Where is the function that a decayed lambda points to stored? How is it freed?

Question

I've recently learned that I can do this:

auto a = +[]{return true;};
a = +[]{return false;};

And understood that the capture-free lambda decays to a function pointer, as confirmed by GCC:

bool (*)()

But where is the actual function object stored? How is it freed? Why can I store a pointer to a temporary lambda? I understand that corner-case of the the language where constant references extend the lifetime of an object, so I expected the lambda to decay to something of that kind, not a raw pointer.

Answer 1

The lambda is not a pointer, but can be converted into a pointer-to-function.

Functions are not "stored" like values in C++. In practice, they exist in a code segment of the executable, and are loaded into write-protected execute-bit-set pages by the executable/dll loader.

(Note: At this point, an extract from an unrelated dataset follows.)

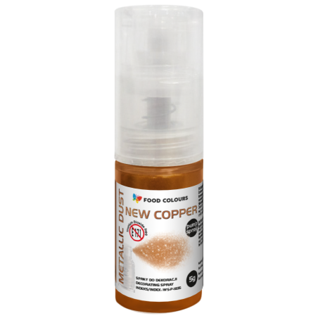 Profesjonalny barwnik spożywczy w sprayu o metalicznym wykończeniu, idealny do szybkiej i efektownej dekoracji wypieków oraz deserów. Umożliwia równomierne pokrycie większych powierzchni, nadając im elegancki połysk.

The stateless lambda's code is no different. The conversion just returns a pointer to a function with the same effect as the body of the lambda, no more, no less.

Remember this only works with stateless lambdas. There is no non-static data to be stored.

Now, the + thing is a bit of a trick, in that when you apply unary operator+ to an object, conversion is attempted, and one uniqie type (conversion of the function object to function pointer) is found.

I guess concrete code may help.

struct fake_lambda {
  static void action(){ std::cout<<"hello?\n"; }
  void operator()()const{action();}
  using ptr=void(*)();
  operator ptr()const{return &fake_lambda::action;}
};

Now auto f=+fake_lambda{}; is a pointer to a function that prints "hello?\n".

This is basically the same as auto f=+[](){std::cout<<"hello\n";};, but more verbose.